Sonny Ramaswamy (born 1952) is an Indian American agricultural scientist and current President and CEO of Northwest Commission on Colleges and Universities. He formerly served as Director of the National Institute of Food and Agriculture.

Early life and education
Sonny Ramaswamy was born in Hyderabad, India, and grew up in Bangalore as the youngest of four boys. He graduated from St. Joseph’s Indian High School, a Jesuit school in Bangalore, and later, from the University of Agricultural Sciences, Bangalore, with a Bachelor of Science in Agriculture in 1973 and a Master of Science (Agriculture) in entomology in 1976. He then earned his Ph.D. in 1980 in entomology from Rutgers University. Following, Dr. Ramaswamy undertook postdoctoral research on the sex pheromone of insects from 1980-1982 in Ring Cardé’s laboratory at Michigan State University. In 2001, Dr. Ramaswamy completed Harvard University's executive Management Development Program.

Career
Dr. Ramaswamy served as professor of insect physiology and graduate program coordinator in the Department of Entomology at Mississippi State University from 1982-1997. He then served as University Distinguished Professor and Head of the Department of Entomology at Kansas State University from 1997 to 2005. In 2002, Dr. Ramaswamy received the Presidential Award for Outstanding Department Head. He envisioned and created the K-State Insect Zoo, a hands-on educational and fun destination.

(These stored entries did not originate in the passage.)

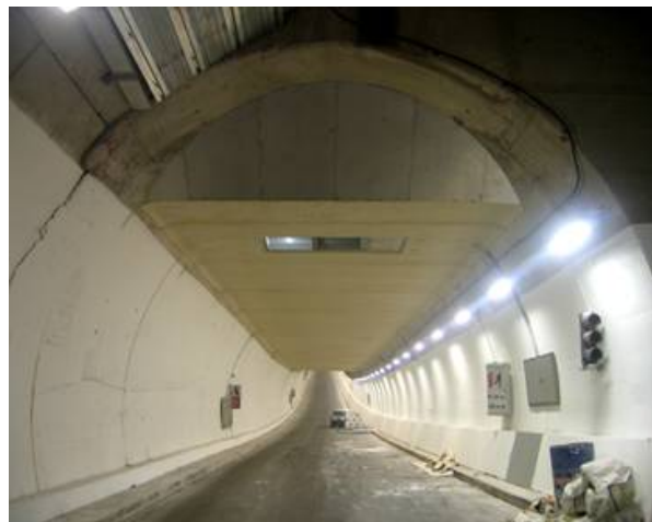
Connecting tunnel in south area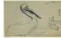
Title: Brown Pelican Date: mid 20th Century Primary Maker: Ernest L. Blumenschein Medium: pencil on paper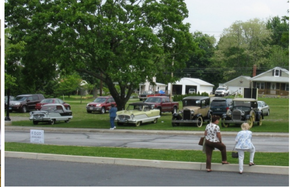
Antique car display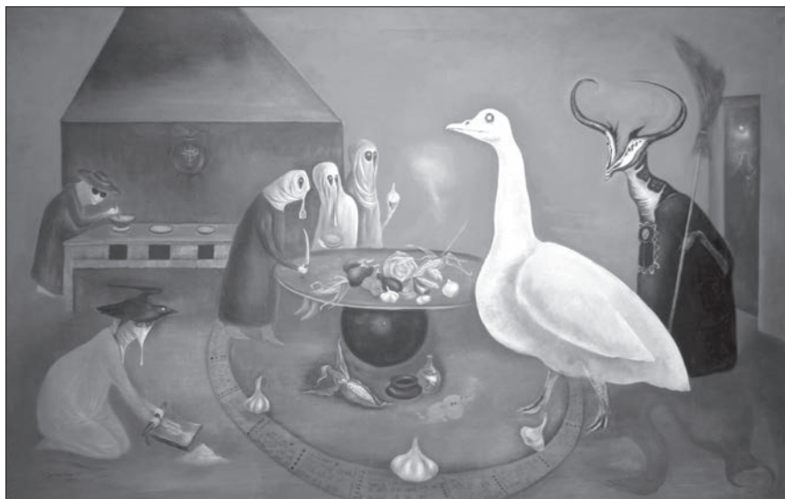
Fig. 3: Leonora Carrington, Grandmother Moorhead's Aromatic Kitchen, 1975, oil on canvas, 79 x 124.5cm, Charles B. Goddard Center, Ardmore, Oklahoma, USA.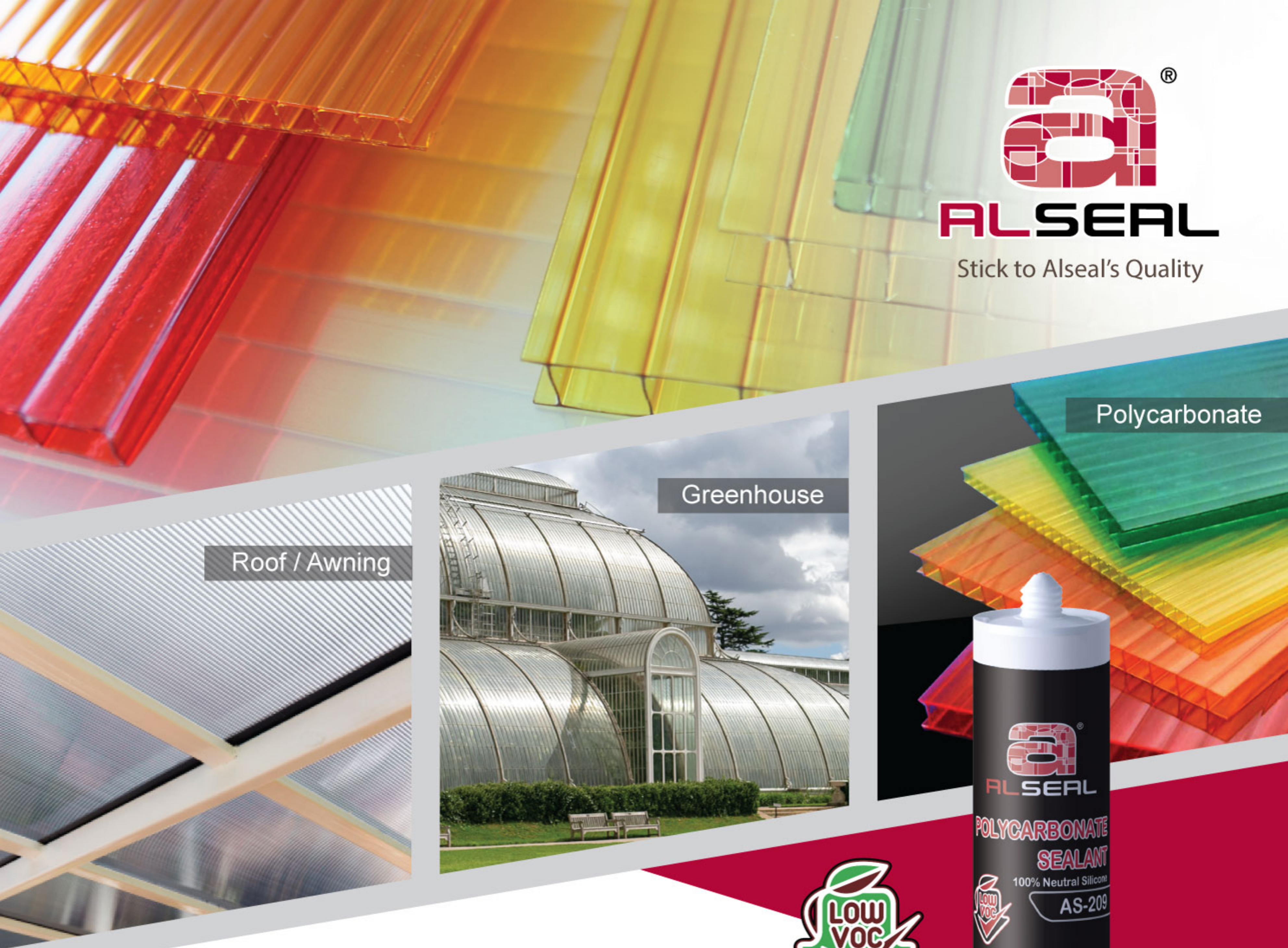
Roof / Awning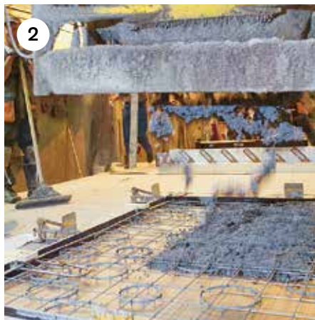
2 The mould is prepared and the slab is cast.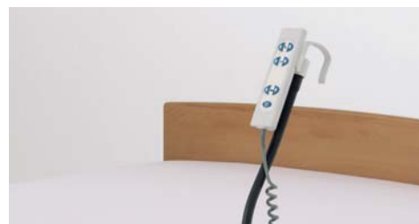
Hand Control Holder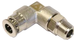
6mm elbow (Connection to machine)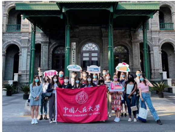
Trip to the old campus on Zhangzizhong Road

Field Trips can promote more understanding of Chinese firms and economy and build connections for students who wish to work in China.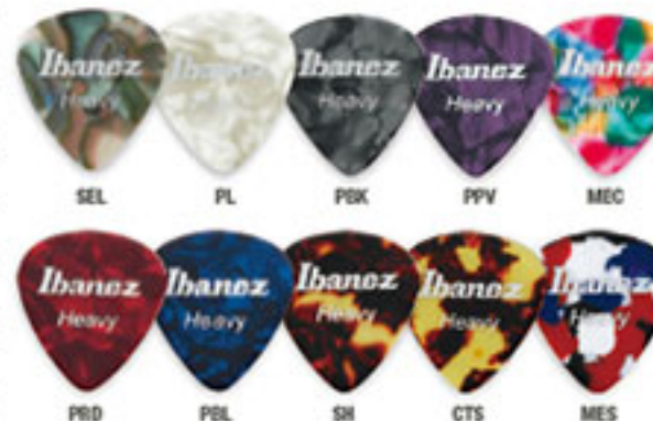
Acoustic Guitar Pick Packages NEW MODEL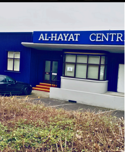
Al-Hayat Centre Unit 1, 4 Dukes Rd, Southampton, SO14 0SQ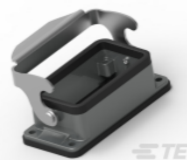
TE Model / Part # T1500102000-000 H10B-AGS-LB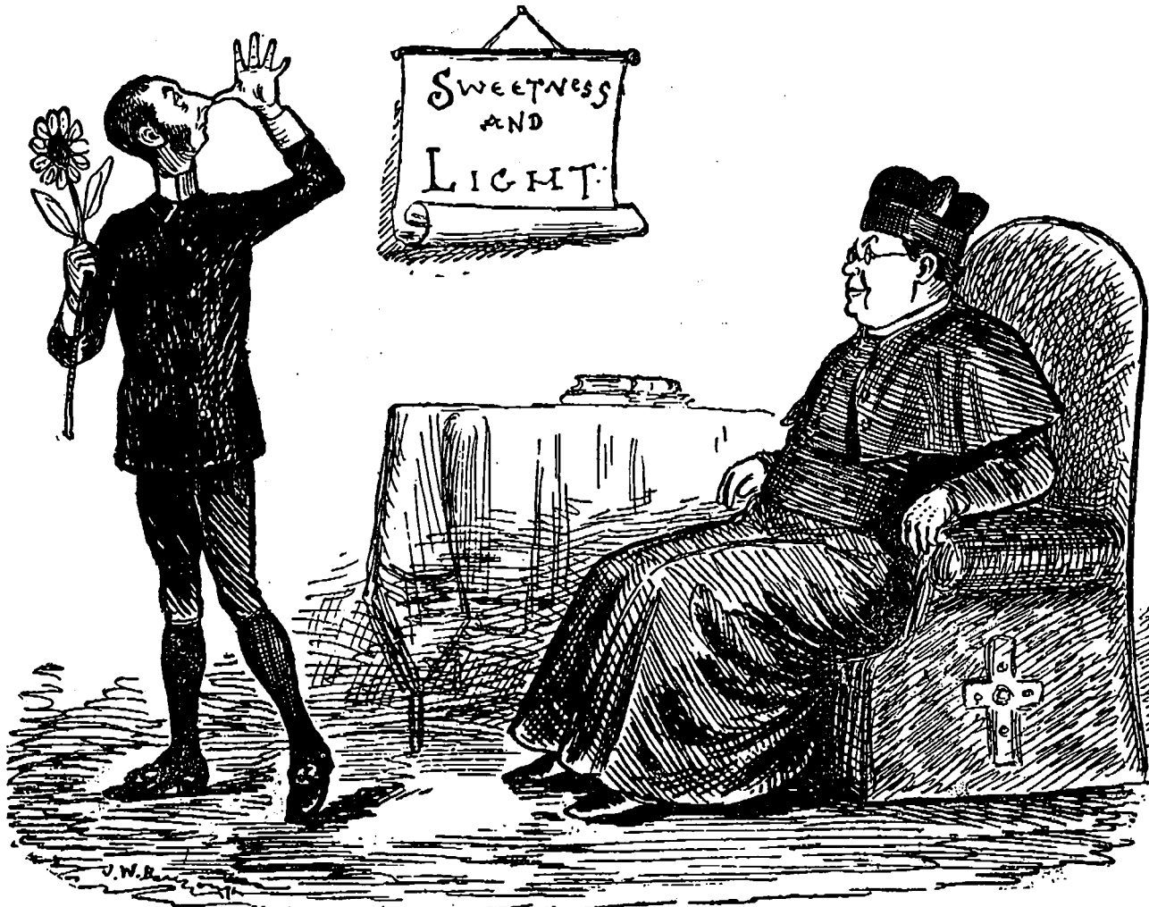
THE EDITOR OF THE "MAIL" GIVING THE ARCHBISHOP A LESSON IN "CULCHAW."

Photographer, 134 Yonge Street, Toronto. Stanton Cabinets, $3.00 per dozen. Old Pictures Copied, Enlarged and Finished in Colors, Ink or Crayon. Orders filled from any Negatives made by the firm of Stanton & Vicars.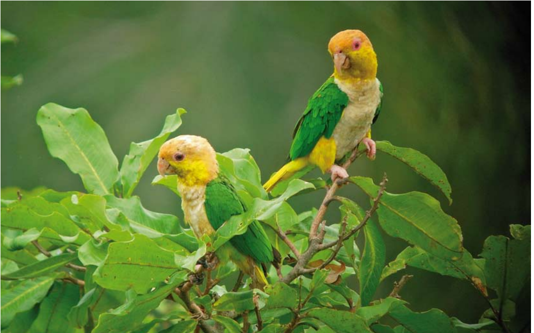
26 White-bellied Parrots / Witbuikciquies Pionites leucogaster , Rio Cristalino, Alta Floresta, Mato Grosso, Brazil, 24 September 2005 (Alexander C Lees). Mixed-subspecies pair with individual of eastern green-thighed nominate P l leucogaster (left) and individual of central yellow-thighed P l xanthurus (right). 27 Common Potoo / Grijze Reuzennachtzwaluw Nyctibius griseus , Carlinda, 40 km east of Alta Floresta, Mato Grosso, Brazil, 12 July 2005 (Alexander C Lees) 28 Zigzag Heron / Zigzagreiger Zebrilus undulatus , Alta Floresta, Mato Grosso, Brazil, November 2006 (Hadoram Shirihai). Contributed from forthcoming Photographic handbook to birds of the world (Jornvall & Shirihai, A&C Black).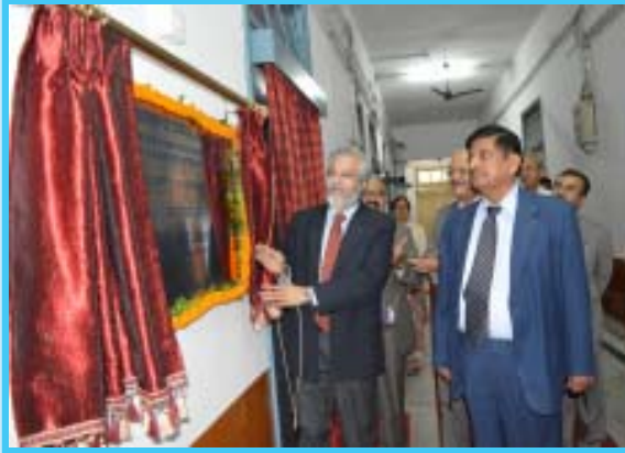
Justice Madan B. Lokur unfurling the plaque of ICT Lab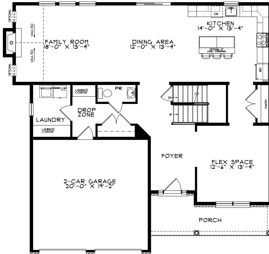
RAINIER FIRST FLOOR PLAN 1,279sf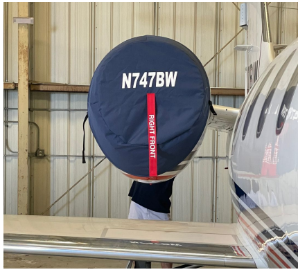
Lear 35A Engine Covers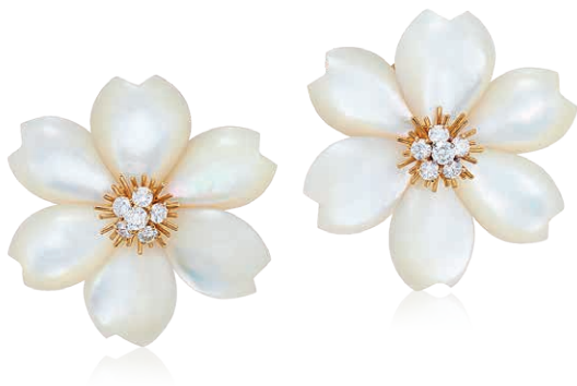
2007 貝母及鑽石「Rose de Noël」耳夾，梵克雅寶設計 MOTHER OF PEARL AND DIAMOND 'ROSE DE NOËL' EAR CLIPS, BY VAN CLEEF & ARPELS

18K黃金鑲嵌貝母及鑽石，帶有VCA刻印，法國製造，編號NY3K908.7，耳環尺寸約42×40mm

Dr. Ramaswamy’s personal research was funded with grants from federal agencies, including NIFA, NSF, NIH, EPA, and USAID, and from state agencies, commodity groups and industry. He has published over 150 journal articles, book chapters, a book, and has a patent, and is the recipient of several awards and honors, including Fellow of the American Association for the Advancement of Science, Fellow of the Entomological Society of America, the Hutchinson Medal from the Chicago Botanic Garden and Leader in Agriculture Award from Agriculture Future of America. Dr. Ramaswamy has mentored numerous high school, undergraduate and graduate students, along with postdoctorates, visiting professors and staff in non-governmental, governmental and private sector organizations.

Between 2006 and 2009, Dr. Ramaswamy directed Purdue University's agricultural research programs, facilitating success on numerous grant-funded projects in support of multi- and trans-disciplinary research and education projects on bioenergy, climate change, water, agroecology, and food security and production agriculture.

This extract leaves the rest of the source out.